# [Source material]
● ● ● ● ● ● ●

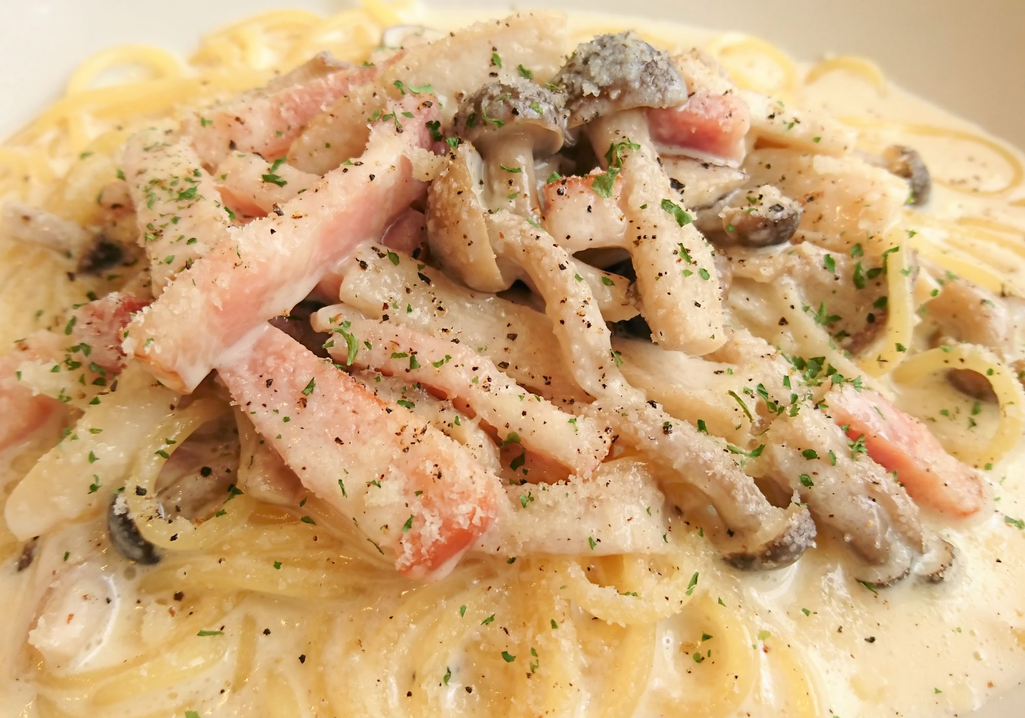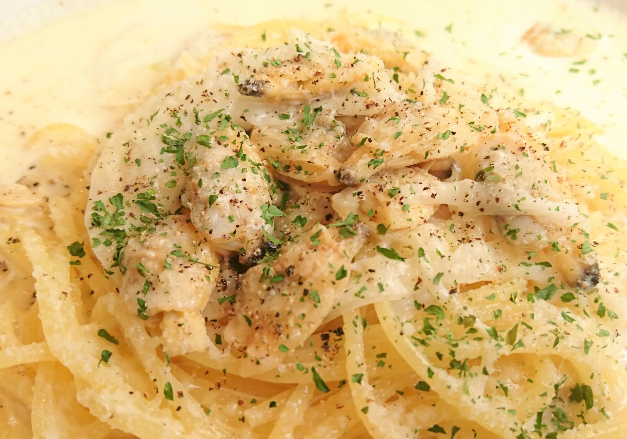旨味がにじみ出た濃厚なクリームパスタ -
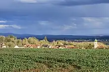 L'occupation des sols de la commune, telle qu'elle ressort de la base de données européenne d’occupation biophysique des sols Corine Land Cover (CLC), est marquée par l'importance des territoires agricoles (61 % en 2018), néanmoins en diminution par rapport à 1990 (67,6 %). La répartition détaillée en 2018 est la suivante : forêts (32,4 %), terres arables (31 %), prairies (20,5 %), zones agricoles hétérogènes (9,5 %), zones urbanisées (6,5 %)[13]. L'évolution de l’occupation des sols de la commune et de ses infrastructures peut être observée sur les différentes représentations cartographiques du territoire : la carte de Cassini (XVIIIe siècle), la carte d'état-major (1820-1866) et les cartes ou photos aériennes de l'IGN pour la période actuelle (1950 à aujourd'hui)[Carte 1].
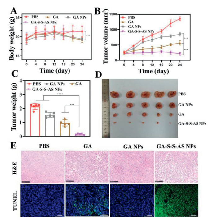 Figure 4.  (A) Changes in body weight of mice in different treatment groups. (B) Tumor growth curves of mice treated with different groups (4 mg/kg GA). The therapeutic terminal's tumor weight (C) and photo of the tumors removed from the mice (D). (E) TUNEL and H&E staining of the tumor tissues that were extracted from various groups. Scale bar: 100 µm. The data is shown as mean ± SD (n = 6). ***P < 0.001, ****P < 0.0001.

● ● ● ● ● ● ●

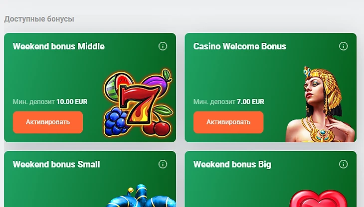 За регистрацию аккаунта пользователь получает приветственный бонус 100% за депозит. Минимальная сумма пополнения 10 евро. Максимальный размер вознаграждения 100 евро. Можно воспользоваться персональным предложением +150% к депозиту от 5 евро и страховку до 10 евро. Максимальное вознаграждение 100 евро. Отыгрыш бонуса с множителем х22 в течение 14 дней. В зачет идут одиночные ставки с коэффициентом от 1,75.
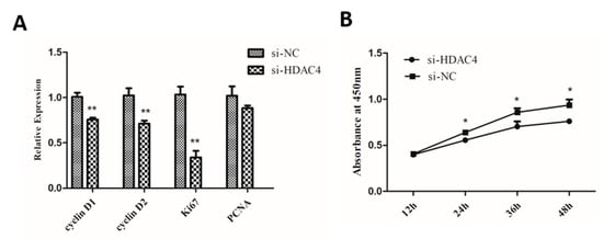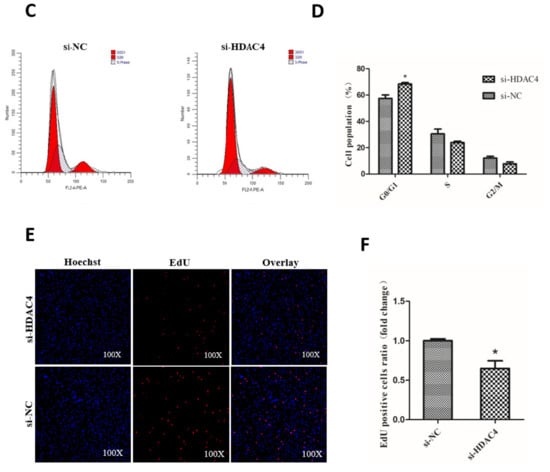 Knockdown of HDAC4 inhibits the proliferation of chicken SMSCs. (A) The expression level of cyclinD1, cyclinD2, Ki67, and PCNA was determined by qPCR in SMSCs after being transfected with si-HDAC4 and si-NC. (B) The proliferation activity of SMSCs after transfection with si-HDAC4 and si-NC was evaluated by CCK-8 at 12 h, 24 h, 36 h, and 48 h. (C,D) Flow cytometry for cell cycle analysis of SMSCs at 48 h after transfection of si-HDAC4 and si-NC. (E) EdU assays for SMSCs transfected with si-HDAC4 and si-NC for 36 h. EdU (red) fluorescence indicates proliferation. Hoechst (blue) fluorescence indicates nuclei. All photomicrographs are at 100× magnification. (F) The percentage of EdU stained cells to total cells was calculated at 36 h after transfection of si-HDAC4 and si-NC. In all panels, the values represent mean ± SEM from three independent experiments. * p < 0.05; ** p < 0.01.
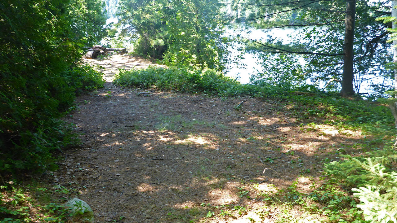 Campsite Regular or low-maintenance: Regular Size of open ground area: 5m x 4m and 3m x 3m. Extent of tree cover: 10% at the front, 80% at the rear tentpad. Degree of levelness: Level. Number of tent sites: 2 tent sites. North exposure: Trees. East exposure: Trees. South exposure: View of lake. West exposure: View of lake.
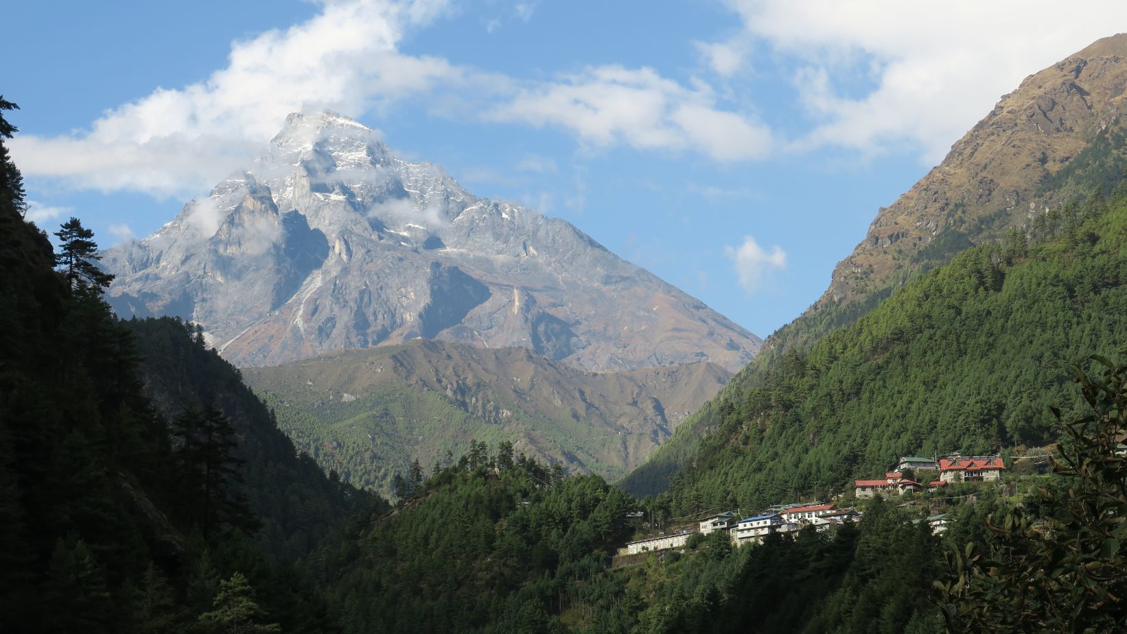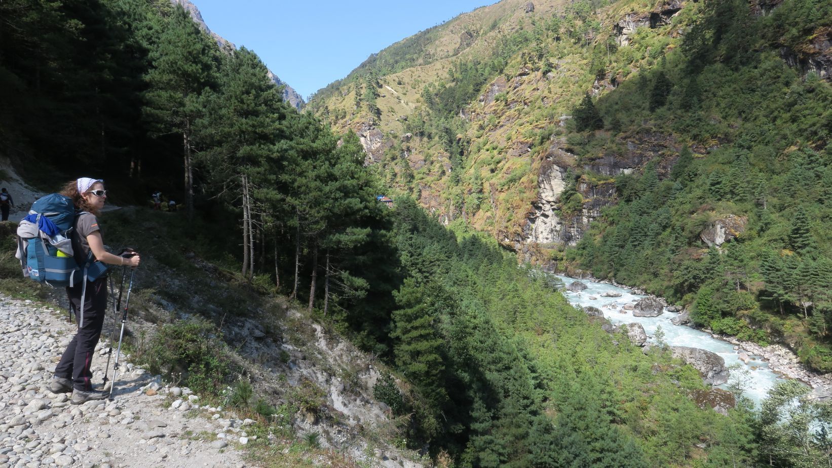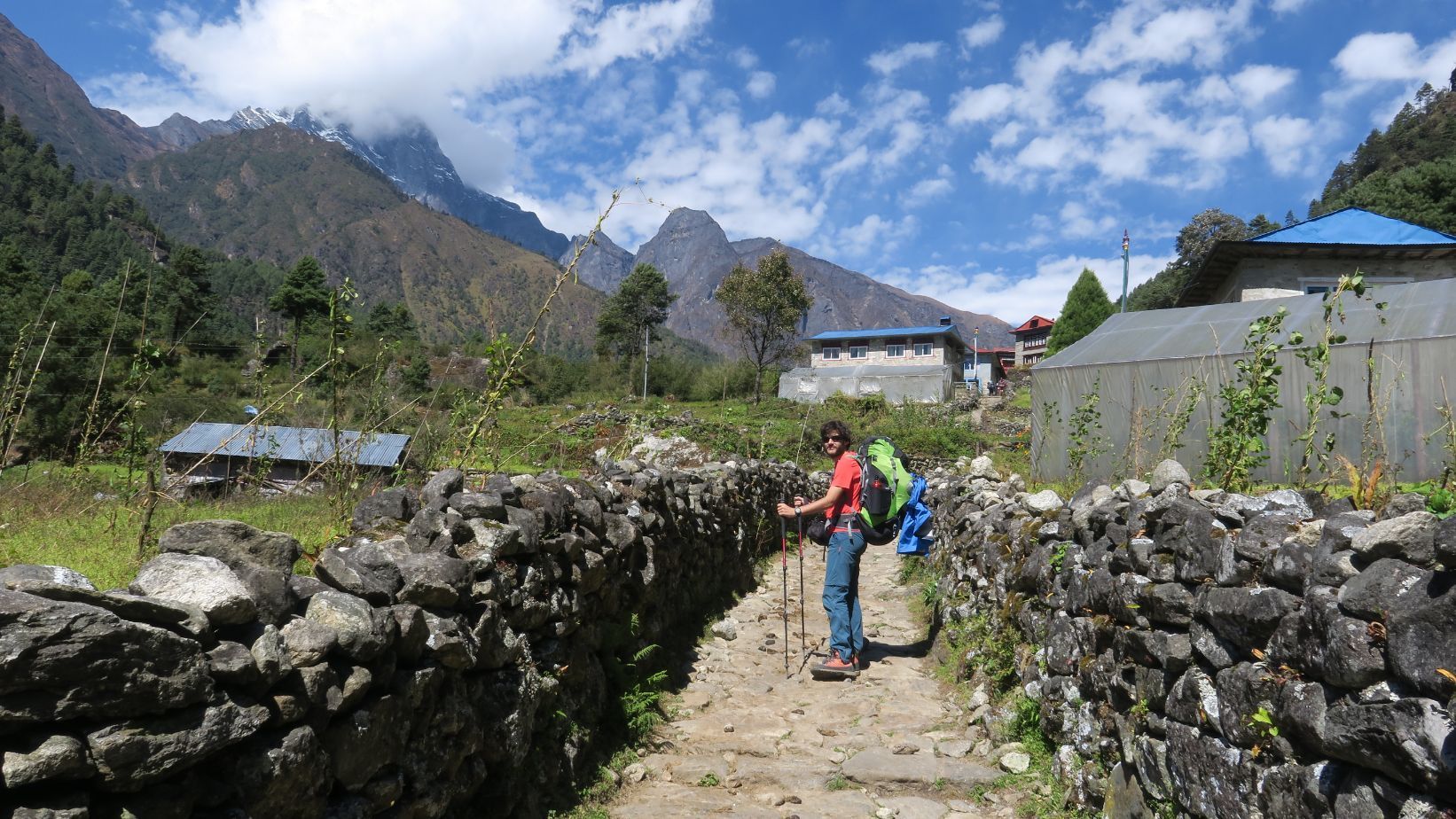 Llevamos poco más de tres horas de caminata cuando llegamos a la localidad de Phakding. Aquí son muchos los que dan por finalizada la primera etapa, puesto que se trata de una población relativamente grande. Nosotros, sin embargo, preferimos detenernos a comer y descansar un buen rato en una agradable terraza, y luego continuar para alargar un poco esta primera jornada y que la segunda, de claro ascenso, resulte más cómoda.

● ● ● ● ● ● ●

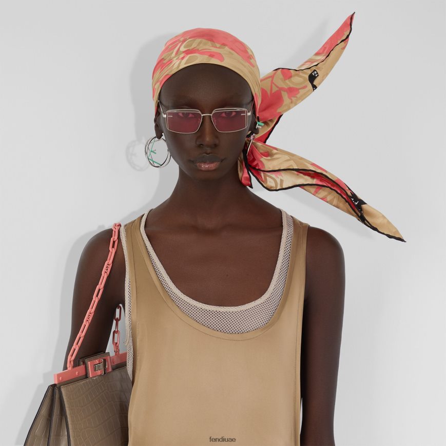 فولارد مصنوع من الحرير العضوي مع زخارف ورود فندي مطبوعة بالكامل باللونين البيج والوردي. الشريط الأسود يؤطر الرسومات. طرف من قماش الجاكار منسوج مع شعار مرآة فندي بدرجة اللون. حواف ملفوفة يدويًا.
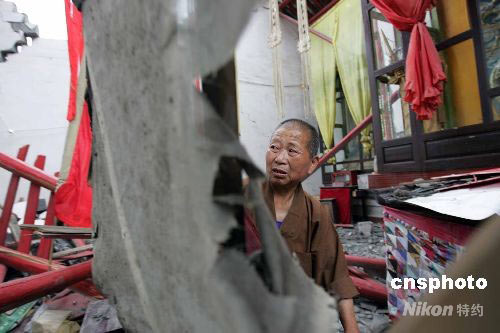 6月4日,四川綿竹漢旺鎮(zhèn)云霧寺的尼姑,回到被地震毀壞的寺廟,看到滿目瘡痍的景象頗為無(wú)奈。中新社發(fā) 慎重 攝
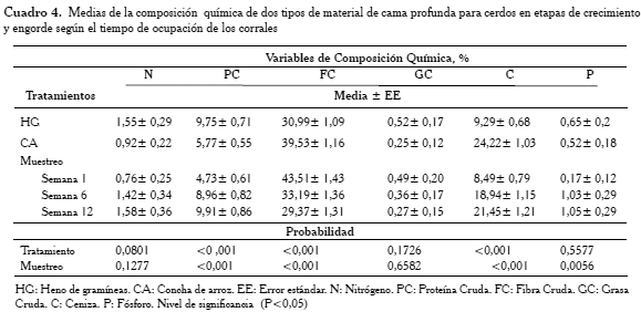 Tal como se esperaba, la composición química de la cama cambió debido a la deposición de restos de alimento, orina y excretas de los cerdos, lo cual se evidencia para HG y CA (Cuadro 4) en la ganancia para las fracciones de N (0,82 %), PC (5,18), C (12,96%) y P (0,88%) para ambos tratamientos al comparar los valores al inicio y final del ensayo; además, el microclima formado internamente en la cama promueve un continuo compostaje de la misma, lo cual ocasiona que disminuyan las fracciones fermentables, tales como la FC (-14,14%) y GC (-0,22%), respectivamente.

● ● ● ● ● ● ●

# [Problem]
Text only, no pictures: please print exactly the lines above from the line with "L'occupation des sols" up to and including the line with "Figure 4.  (A)", and nothing else.

# [Your solution]
 L'occupation des sols de la commune, telle qu'elle ressort de la base de données européenne d’occupation biophysique des sols Corine Land Cover (CLC), est marquée par l'importance des territoires agricoles (61 % en 2018), néanmoins en diminution par rapport à 1990 (67,6 %). La répartition détaillée en 2018 est la suivante : forêts (32,4 %), terres arables (31 %), prairies (20,5 %), zones agricoles hétérogènes (9,5 %), zones urbanisées (6,5 %)[13]. L'évolution de l’occupation des sols de la commune et de ses infrastructures peut être observée sur les différentes représentations cartographiques du territoire : la carte de Cassini (XVIIIe siècle), la carte d'état-major (1820-1866) et les cartes ou photos aériennes de l'IGN pour la période actuelle (1950 à aujourd'hui)[Carte 1].
 Figure 4.  (A) Changes in body weight of mice in different treatment groups. (B) Tumor growth curves of mice treated with different groups (4 mg/kg GA). The therapeutic terminal's tumor weight (C) and photo of the tumors removed from the mice (D). (E) TUNEL and H&E staining of the tumor tissues that were extracted from various groups. Scale bar: 100 µm. The data is shown as mean ± SD (n = 6). ***P < 0.001, ****P < 0.0001.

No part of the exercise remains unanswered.